Something really has to be done about all the new, superfast travel - before we know it Asia will be one giant express lane. I'm going to start a "slow travel" protest, in the spirit of the French and Italians who rebelled against the encroachment of fast food chains into their countries and responded with the "slow food" movement. At the very least, efforts should be made to preserve the bullock-cart. As long as there are bullock-carts, somewhere, Asia will still retain its basic character and traditions. Soon enough, I see a future in which the bullock-cart has gone the way of the horse and carriage or now, the hand-pulled rickshaw - a high-priced novelty ride in the country for foreign tourists, who are desperate to get away from the smog and rumble of the tractors and Tempos which replaced them.

Highway to Hell
The New York Times is running a series all about the new quadrilateral superhighway that's being built, largely by hand in Indian fashion, to connect major sectors of India. This project was begun by the previous government in one of their relentless attempts to make India just as boring and uniform as the rest of the world, in the name of progress and convenience. This writer predicts it will do exactly what the superhighways did in America - ruin small town life, increasingly homogenize the culture till you can't tell one freeway exit from another and everyone talks and dresses the same, then finally, destroy the train system, which has been the backbone of the nation since British times. At one time, you could take a train all across my country. Now it's all you can do to get anywhere by bus or train - it's either drive or fly.

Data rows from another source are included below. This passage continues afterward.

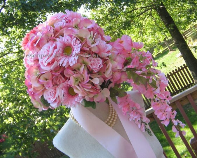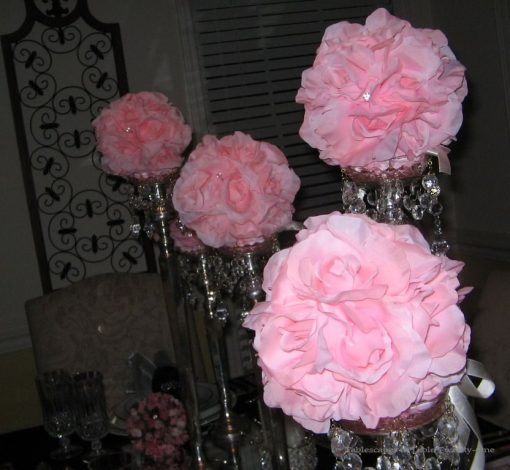 Who says bald can’t be absolutely beautiful? I admittedly spent a great deal of time working on this unique Breast Cancer Awareness centerpiece. I wanted to shout to the world that bald can indeed be beautiful, simple, sweet, sexy, exotic, erotic, and everything in between.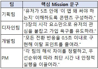 디자인팀 → “3장의 시각 요소로 사용자의 이목을 끌어라”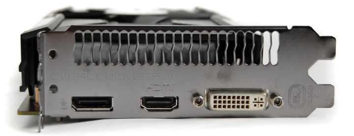 На задней панели расположено три интерфейсных видеоразъема: DipslayPort, HDMI и DVI.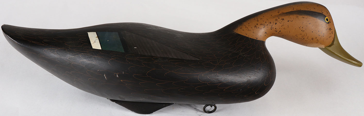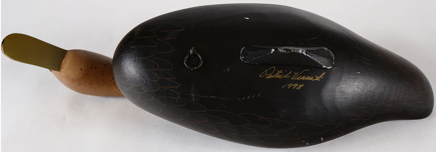 Swimming Black Duck by Patrick ''Pat'' Vincent, Churchville, MD, painted eyes, solid wood, original paint, structurally excellent, signed on bottom, 19'' OAL. Grade: Excellent ++ - Value: 50 to 100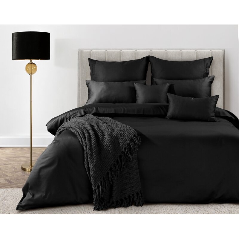 Pościel 160x200 cm z bawełny, makosatyny kolor czarny z ozdobną kantą i haftem kolekcja MINGE ELEGANTE

So, Auntie's addvice (said in Indlish with emphasis on the first syllable) is: See India now while there's still something to see that can't be glimpsed at the local mall, or from your car window, anywhere in the West! While there are still people who don't look like the Backstreet Boys! The day is soon coming when vegetables and fruits won't be sold at all on the roadside, but in megamalls like Pune Central (see "New Indian Epidemic: Mall Rats"), and everyone will be wearing t-shirts and Dockers. At that point, you're better off watching Nat Geo.

1 comment:

Shinu Mathew said...

The story in the BBC south Asia is utterly biased and do little Justice to India's today's position. You can mock our accent. While westerners think thet English-fluency is what one should gauge one's ability, you are totally wrong. Why all these call-center jobs are shifting to India if we can't speak good english? Why We are the best in IT? Let me remind you that we possess a strong analitycal mind coupled with a flair for all languages. I challenge any westerner to learn any Indian Language from scratch and speak fluently within 3 months. An Indian can do that with English.
And as you said, You would see jeans-t-shirt clad men & women on Indian Streets, well that is already here. We are not blindly imitating the west, but we have our own style and way. The india that you think is still in the 19 century. But we have moved forward. India is no longer a cow-worshiping, Snake charmers land. Not of black magic and poverty. True still these are there, but soon the poverty and other epidemics will vanish. A new young vibrant India is emerging.
Just remember Swami Vivekananda and how he charmed the entire US by just one speech.
We have a great culture madam. A great one!